In sociology, the 20th century is known as the century of the “grand theories”. With Talcott Parsons or Niklas Luhmann, it featured several renowned scholars who all tried – in some way or another – to “explain it all”. However, explaining everything also means that you have to generalize to a large extent. And by generalizing, you also increase the amount of situations where you are simply wrong. There is a reason Robert K. Merton advocated for what he called “middle range theories”, that is theories that try to generalize a little bit, but not too much, in order to strike a balance between the two goals of “I can explain more than just my own little case study” and “I am most definitely right”. Science is pretty boring if all you can explain is the Balinese cock fight. But science can also become wrong if you claim that Hitler and Stalin were “literally the same person” because of your ridiculously abstract theory.

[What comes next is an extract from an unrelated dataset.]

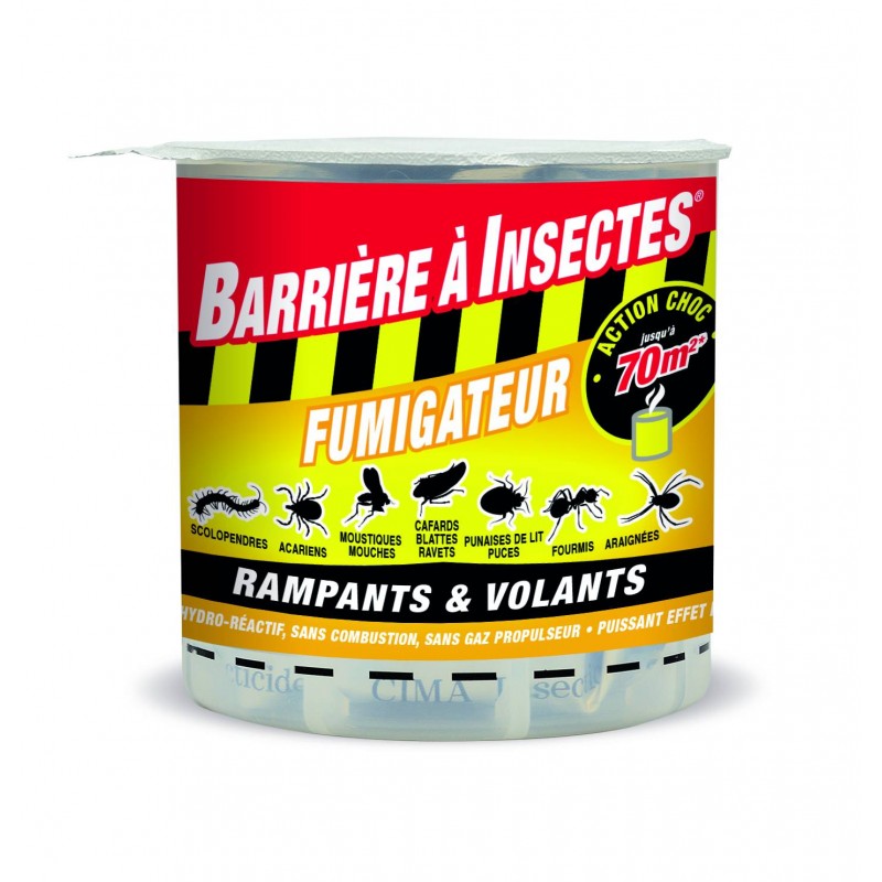 Fumigène hydro-réactif radical contre les infestations et sans risque d'explosion ou d'inflammabilité. Sans flamme ni combustion. son efficacité est immédiate et totale. Le brouillard émis posséde un fort pouvoir pénétrant et ne produit pas de suie ou de dépôt résiduel. Son action de débusquage des insectes dans les interstices et fibres des moquettes renforce l?effet choc et l?efficacité totale du traitement. S?utilise dans tous types de locaux après avoir retiré les plantes vertes et les animaux y compris les animaux en aquarium et terrarium. Pot de 10 g permet de traiter jusqu'à 70 m² (90 à 170 m3).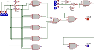 Il faut donc construire un circuit à 6 entrées (de A10 à A15) et 2 sorties CSROM et CSRAM qui contrôleront chacune la broche Chip Select de la ROM et de la RAM.

By scoping your research you ensure that you explain all those cases that are within your scope, but exclude cases where your data just doesn’t allow you any judgment. And what counts for social science also counts for language models. If you clearly state what a tool can do, and what it can’t, it is reasonable to state that it “knows what you meant (in this specific case)”. But if you have no idea what it can and cannot do, then you also cannot know whether it knows what you meant.
And in this – attention, scoping! – very specific case, GPT-3 is dumber than your good old spellchecker.